This leads to the idea of provisioning a cluster consisting of nodes (status-go, real devices or both), including boot nodes. Cluster may run on its own test network or on existing test network (Ropsten). Each node in the cluster shall be instrumented and configured for metrics collections. Infrastructure for metrics gathering, storing and display should be set up. rand_graph

Using graph visualization tools (like Graphana) it'd be possible to see statistically sound performance measurements, pinpoint changes to release/version changes and easily identify regressions.
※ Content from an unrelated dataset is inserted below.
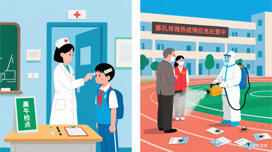 1.通过健康教育课程、宣传栏、班级群等,普及基孔肯雅热防控知识;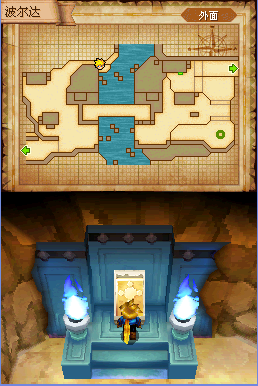 从史黛拉出现的门进入,发现史黛拉来时的原路已经无法返回,一路向下走,从新产生的台阶下去。到了地下大门处发生剧情,刘项和宝山再次出现,他们终于从那条路跟过来了。剧情后,把两侧表示太阳和月亮的宝珠推到三角形的两个顶点上,穆特一行人再站到下方表示物质的点上,遗迹大门开启。

Think about this cluster as a Status network playground, where you can deploy, say, 30% nodes with a new change and easily see the difference in performance metrics against stable version. It also enables further possibilities for data gathering and exploration. Example: by collecting stats about each incoming and outgoing whisper message, we can visualize Whisper protocol behavior which may help to build intuition around it and help to debug/develop future versions of the protocol.

Swarm Participants

Lead contributor: @divan
- Testing & Evaluation:
- Contributor:
- Contributor:
- UX (if relevant):

Requirements

There is a cluster provisioned and deployed using available cloud providers
Deployment scripts and tooling are well documented, codified (i.e. terraform/packer) and understood
Core team members have clear understanding how to deploy Status build to the cluster
Status code is instrumented with metrics and Core team have clear understanding how to add new metrics if needed
Metrics gathering infrastructure is designed and deployed (this includes metrics collection, storage and visualizing software)
Real-world usage simulation is designed and implemented, so each deployed node automatically starts "behaving as a user"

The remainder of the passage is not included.